I'm trying to parse text from a hosted image, but it looks like I've miss-configured Tesseract. I'm using Debian Buster, tesseract-ocr, libtesseract-dev and a Ruby wrapper are installed.

#  $ tesseract -v
tesseract 4.0.0
 leptonica-1.76.0
  libgif 5.1.4 : libjpeg 6b (libjpeg-turbo 1.5.2) : libpng 1.6.36 : libtiff 4.1.0 : zlib 1.2.11 : libwebp 0.6.1 : libopenjp2 2.3.0
 Found AVX2
 Found AVX
 Found SSE

Inside a terminal tesseract <URL.png> output returns Error, cannot read input <URL.png>: No such file or directory.
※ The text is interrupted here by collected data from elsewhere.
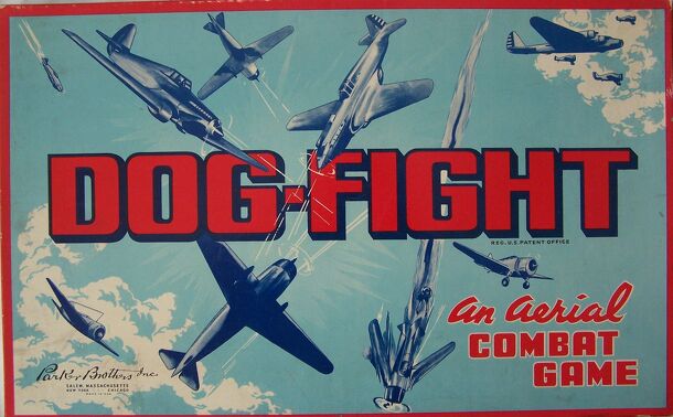 From the rules: "Dog Fight very closely approaches an actual combat between fighting planes, bombers and anti-aircraft guns. The play takes place on a vertical board which allows the important consideration of altitude to become a part of the play. The planes against the sunset sky make a most realistic picture. "By making use of the allowable moves of the...
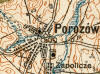 This map appears to locate the synagogue just under the space between the letters "r" and "o" in "Porozow." |
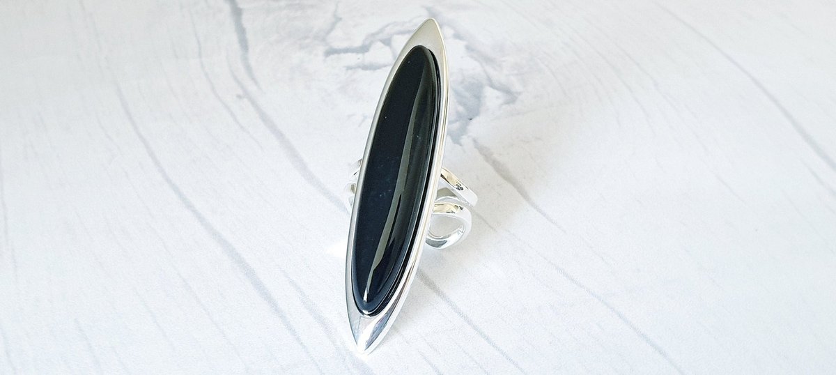 This black onyx statement ring features a dramatic 9x40mm oval cabochon that commands attention with its deep, glossy finish. The smooth silver-plated adjustable band creates a sleek foundation that perfectly complements the rich, opaque gemstone.
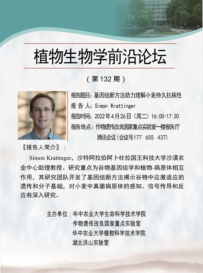 活动时间 报告题目 基因组新方法助力理解小麦持久抗病性
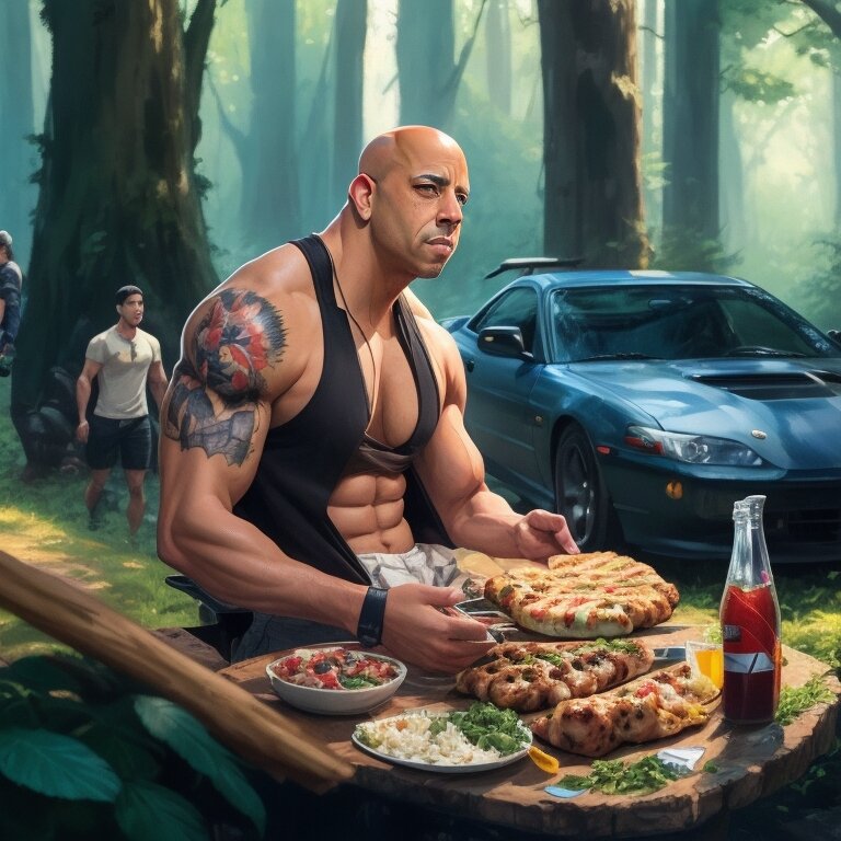 Однажды Доминик решил устроить пикник для своей семьи. Он хотел создать что-то особенное и романтическое. Поэтому он отправился в магазин и купил все необходимые продукты. Выбрав самую изысканную и качественную баранину, свежие овощи, специи и бутылку хорошего вина. На своей машине он отправился в лес, где нашел прекрасное место для пикника. Разведя огонь, он установил шампуры с мясом над костром и начал их обжаривать до золотистой корочки. Тем временем он подготовил овощи и нарезал их, чтобы подавать вместе с вином. Когда шашлыки и овощи были готовы, Доминик выложил их на большую тарелку и разложил скатерть. Он пригласил свою семью к пикнику, и они собрались вокруг скатерти, полные ожидания. Все приступили к трапезе и были в восторге от вкуса блюд. Они неустанно хвалили Доминика и выражали ему благодарность за такой прекрасный пикник. Доминик был счастлив, видя, что его усилия оказались успешными и смогли порадовать его семью. Он сказал им, что их всех любит и что делает все это ради
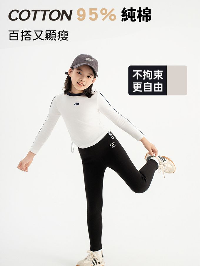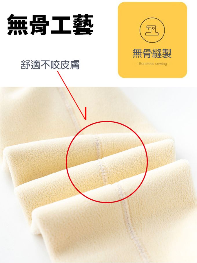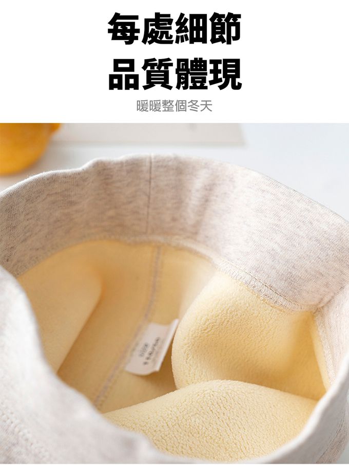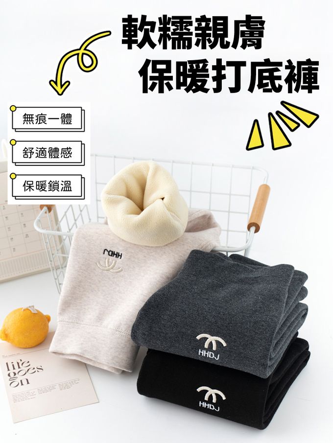 加絨腰鬆緊保暖內搭褲-簡約刺繡-燕麥色
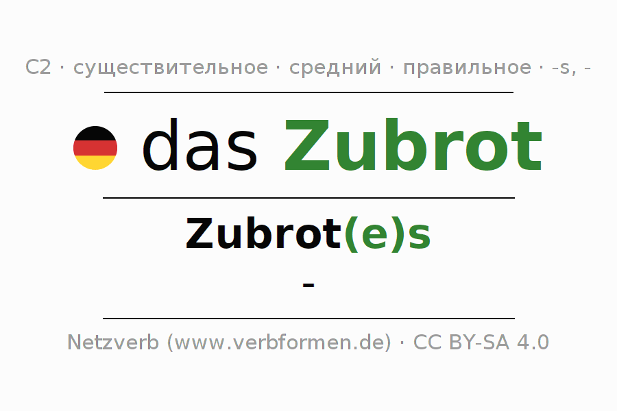 Склонение существительного Zubrot (гарнир, дополнение) даётся в родительном падеже единственного числаZubrot(e)s и в именительном падеже множественного числа -. Существительное Zubrot склоняется по сильному типу, получая окончания es/-. Не образует форм множественного числа. Грамматический род Zubrot средний с определённым артиклем "das" Здесь можно просклонять не только Zubrot, но и все немецкие существительные. Существительное включён в словарный запас обладателя сертификата знания немецкого языка уровня C2. Kомментарии ☆
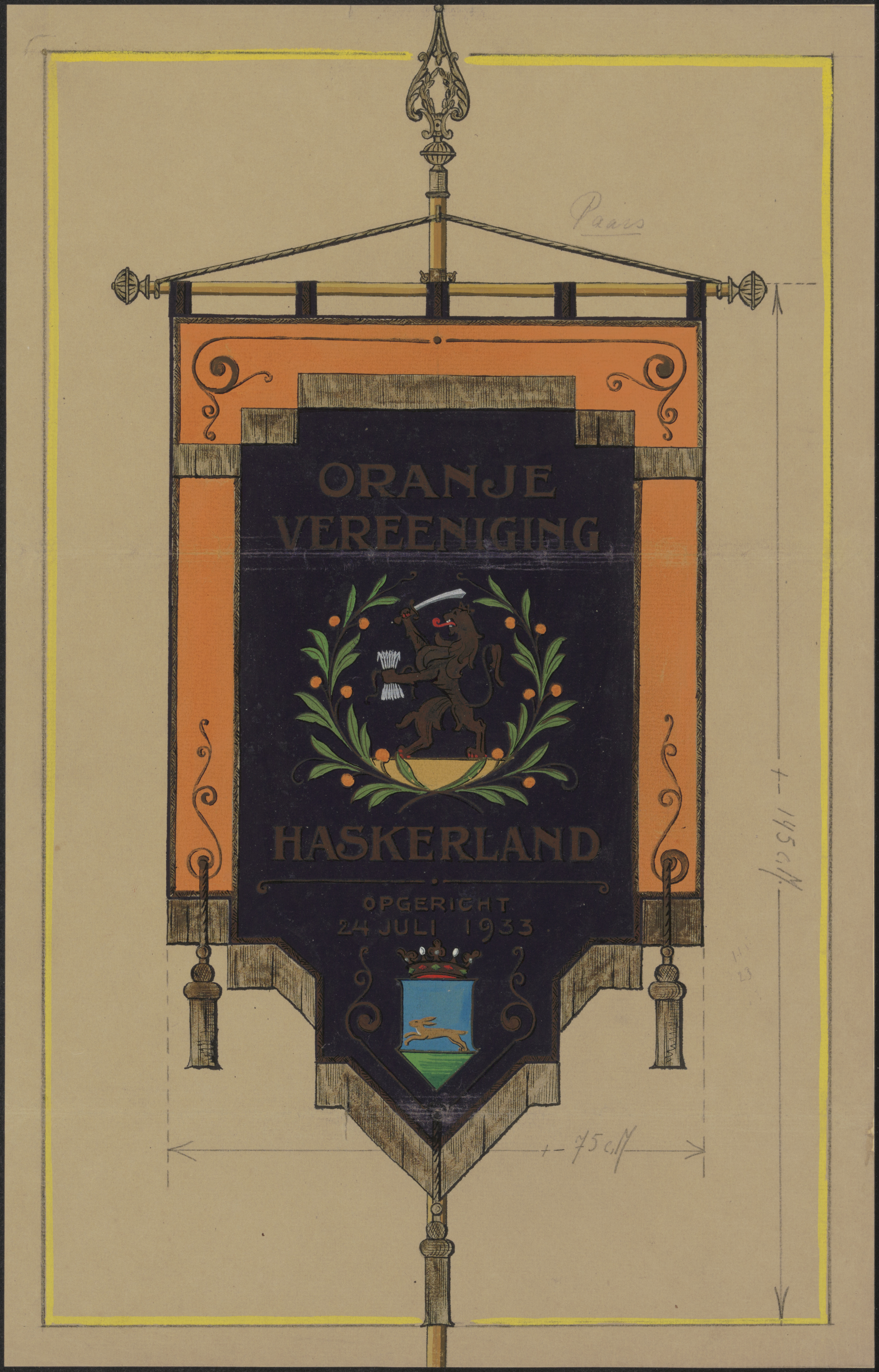 - Een vaandel van de Oranjevereeniging 'Haskerland', opgericht 24 juli 1933.
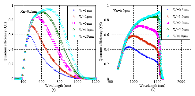 The silicon-based avalanche photodiode (APD) is a PN junction working in the reverse-biased mode [50,51]. When incident photons are absorbed, electron-hole pairs are generated in the depletion region and multiplied through the avalanche multiplication process. APDs are highly sensitive detectors with internal gain, although their gain is lower than PMTs. Similar to CCDs, the lower QE of the photodiodes at longer wavelengths is determined by the band gap of silicon. Increasing the width of the depletion region or using a different material with a narrow band gap can improve the detection efficiency in longer wavelength. Figure 6 simulates the dependence of QE on the width of the depletion region and its distance from the surface of the detector for both silicon and germanium.
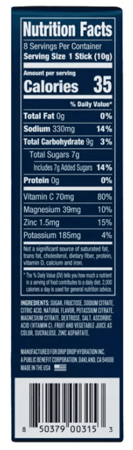 REVIEW: We Tried DripDrop, an Electrolyte Powder Athletes Use ... - Insider DripDrop as an ORS DripDrop follows this recommended formula and comes in single-serving sticks in three flavors (watermelon, lemon, and berry). Each 10-gram serving contains 35 calories and seven grams of sugar, which is half the sugar of a comparable serving of a sports drink like Gatorade.
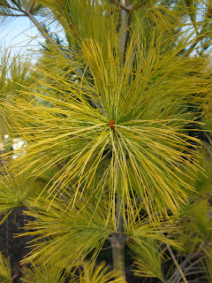 Pinus strobus). "Chartreusy" in summer, this conifer becomes more gold as the winter progresses and has peak color by March or so. We have a small specimen (8') but it will be nice to see it gain size over the coming years. I hope the deer stay away from it as they are not shy about getting back at us for blockading the arborvitae (
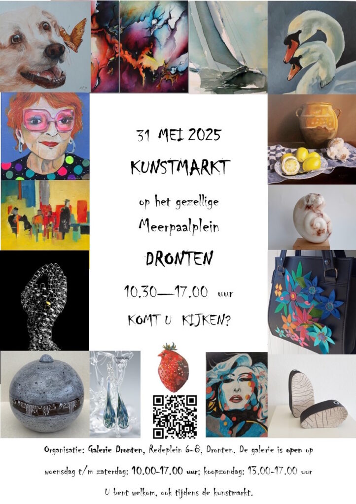 Het Meerpaalplein in Dronten wordt op zaterdag 31 mei 2025 van 10.30 tot 17.00 uur omgetoverd tot een gezellige kunstmarkt. Het publiek kan ongedwongen langs de kramen slenteren waar kunstenaars hun werk laten zien en voor verkoop aanbieden.
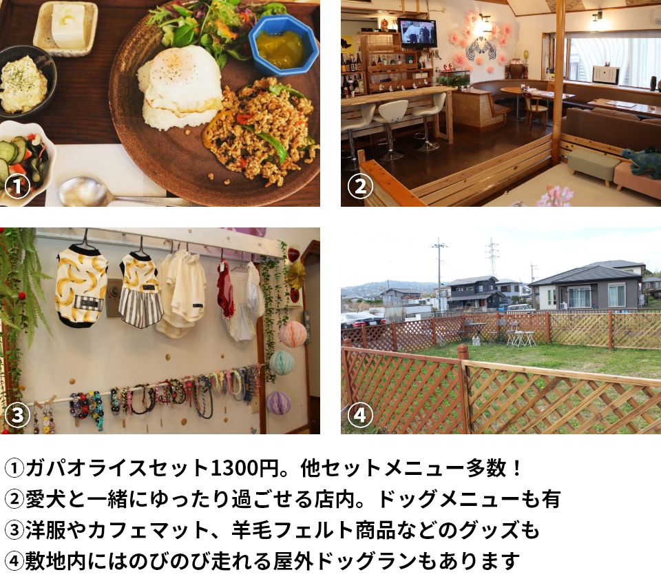 天候に左右されず、ワンちゃんと一緒にゆっくりお食事を楽しんでいただけるドッグカフェです。ドリンク付きの食事メニューのほか、ソフトドリンクや夜にはお酒も飲める居酒屋メニューもご用意しています。また店内では、洋服をはじめとしたドッググッズやアクセサリーなど作家さんの商品も取り扱い中。人も愛犬もリラックスして笑顔になれる、楽しいひとときをお過ごし下さい。

The same error message is raised using the Ruby gem.

Did I miss something after installing the packages ? The doc talks about manually placing the traneddata directory on Ubuntu, should it also be done on Debian ?

The traineddata is currently not shipped with the snap package and must be placed manually to ~/snap/tesseract/current.

I can get it working by using curl and local path as argument, but it should support URL as argument

Thanks


EDIT

I've tested both v4.1.1 and v5.0.0 by following these instructions and setting up tessdata directory. They both explicity returns that they don't support URLs:

Tesseract Open Source OCR Engine v5.0.0-alpha-647-g4a00 with Leptonica
Error, this tesseract has no URL support
Error during processing.

I'm obviously missing something because release notes says it supports URL since 4.1.1

Sumak
  • 253
  • 1
  • 7
  • 1
    it looks like it's been added to 4.1.1. I'm about to test it and edit my question https://tesseract-ocr.github.io/tessdoc/ReleaseNotes.html – Sumak May 06 '20 at 18:14
  • I have tesseract 4.1.1 installed via `apt`, and it still says "Error, this tesseract has no URL support". Which is odd, as the error message suggests the program knows that some tesseracts do... – jrochkind Mar 01 '23 at 20:32

0 Answers0